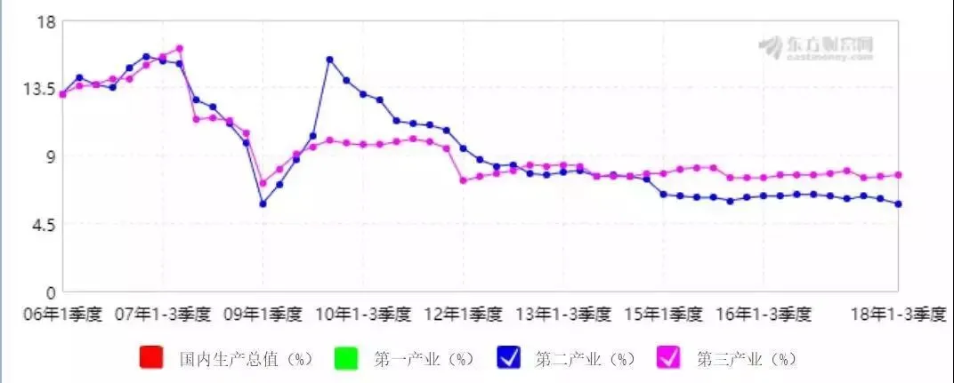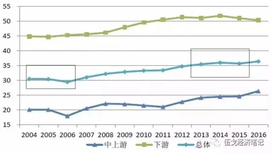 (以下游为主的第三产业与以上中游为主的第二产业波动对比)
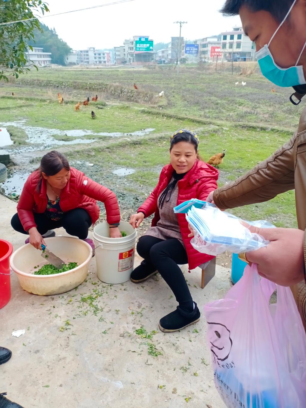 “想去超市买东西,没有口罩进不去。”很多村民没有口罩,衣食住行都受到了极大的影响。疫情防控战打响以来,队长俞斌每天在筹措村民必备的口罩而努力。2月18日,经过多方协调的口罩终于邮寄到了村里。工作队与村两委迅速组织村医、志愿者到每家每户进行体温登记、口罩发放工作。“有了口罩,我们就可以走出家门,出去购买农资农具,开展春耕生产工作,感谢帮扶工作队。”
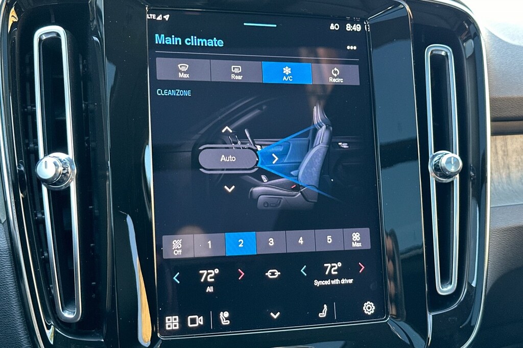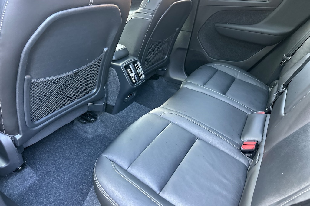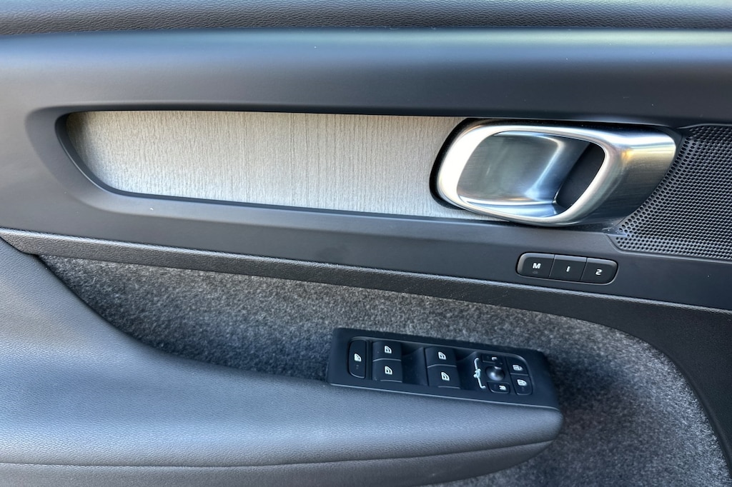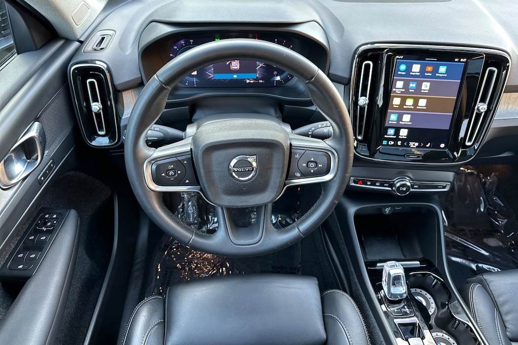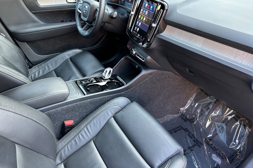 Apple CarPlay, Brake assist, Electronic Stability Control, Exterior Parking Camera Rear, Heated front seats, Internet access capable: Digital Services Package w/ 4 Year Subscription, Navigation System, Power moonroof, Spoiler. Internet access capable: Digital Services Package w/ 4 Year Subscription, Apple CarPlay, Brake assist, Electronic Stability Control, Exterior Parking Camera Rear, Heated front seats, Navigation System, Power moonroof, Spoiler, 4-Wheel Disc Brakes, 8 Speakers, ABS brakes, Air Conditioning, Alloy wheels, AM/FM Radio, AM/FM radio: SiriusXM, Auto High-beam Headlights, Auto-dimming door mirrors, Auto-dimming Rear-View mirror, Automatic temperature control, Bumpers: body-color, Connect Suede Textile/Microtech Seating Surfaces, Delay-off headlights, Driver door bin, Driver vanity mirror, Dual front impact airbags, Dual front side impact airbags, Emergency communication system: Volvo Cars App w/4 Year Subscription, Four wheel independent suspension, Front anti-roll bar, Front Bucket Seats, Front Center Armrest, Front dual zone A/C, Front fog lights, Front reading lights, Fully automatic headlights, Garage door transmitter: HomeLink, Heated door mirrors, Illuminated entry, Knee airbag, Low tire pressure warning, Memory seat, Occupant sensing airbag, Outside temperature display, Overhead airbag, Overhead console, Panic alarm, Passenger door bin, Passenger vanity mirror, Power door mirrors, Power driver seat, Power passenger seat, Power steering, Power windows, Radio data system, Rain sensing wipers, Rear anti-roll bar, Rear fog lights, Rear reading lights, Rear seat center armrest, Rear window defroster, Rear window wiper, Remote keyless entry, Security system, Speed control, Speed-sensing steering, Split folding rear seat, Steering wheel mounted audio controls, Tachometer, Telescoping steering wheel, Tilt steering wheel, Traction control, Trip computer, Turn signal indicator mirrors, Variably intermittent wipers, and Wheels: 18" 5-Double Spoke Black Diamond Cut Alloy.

Task instructions:
Go through the data and return every word of it verbatim, leaving out the pictures.

Your response:
 (以下游为主的第三产业与以上中游为主的第二产业波动对比)
 “想去超市买东西,没有口罩进不去。”很多村民没有口罩,衣食住行都受到了极大的影响。疫情防控战打响以来,队长俞斌每天在筹措村民必备的口罩而努力。2月18日,经过多方协调的口罩终于邮寄到了村里。工作队与村两委迅速组织村医、志愿者到每家每户进行体温登记、口罩发放工作。“有了口罩,我们就可以走出家门,出去购买农资农具,开展春耕生产工作,感谢帮扶工作队。”
 Apple CarPlay, Brake assist, Electronic Stability Control, Exterior Parking Camera Rear, Heated front seats, Internet access capable: Digital Services Package w/ 4 Year Subscription, Navigation System, Power moonroof, Spoiler. Internet access capable: Digital Services Package w/ 4 Year Subscription, Apple CarPlay, Brake assist, Electronic Stability Control, Exterior Parking Camera Rear, Heated front seats, Navigation System, Power moonroof, Spoiler, 4-Wheel Disc Brakes, 8 Speakers, ABS brakes, Air Conditioning, Alloy wheels, AM/FM Radio, AM/FM radio: SiriusXM, Auto High-beam Headlights, Auto-dimming door mirrors, Auto-dimming Rear-View mirror, Automatic temperature control, Bumpers: body-color, Connect Suede Textile/Microtech Seating Surfaces, Delay-off headlights, Driver door bin, Driver vanity mirror, Dual front impact airbags, Dual front side impact airbags, Emergency communication system: Volvo Cars App w/4 Year Subscription, Four wheel independent suspension, Front anti-roll bar, Front Bucket Seats, Front Center Armrest, Front dual zone A/C, Front fog lights, Front reading lights, Fully automatic headlights, Garage door transmitter: HomeLink, Heated door mirrors, Illuminated entry, Knee airbag, Low tire pressure warning, Memory seat, Occupant sensing airbag, Outside temperature display, Overhead airbag, Overhead console, Panic alarm, Passenger door bin, Passenger vanity mirror, Power door mirrors, Power driver seat, Power passenger seat, Power steering, Power windows, Radio data system, Rain sensing wipers, Rear anti-roll bar, Rear fog lights, Rear reading lights, Rear seat center armrest, Rear window defroster, Rear window wiper, Remote keyless entry, Security system, Speed control, Speed-sensing steering, Split folding rear seat, Steering wheel mounted audio controls, Tachometer, Telescoping steering wheel, Tilt steering wheel, Traction control, Trip computer, Turn signal indicator mirrors, Variably intermittent wipers, and Wheels: 18" 5-Double Spoke Black Diamond Cut Alloy.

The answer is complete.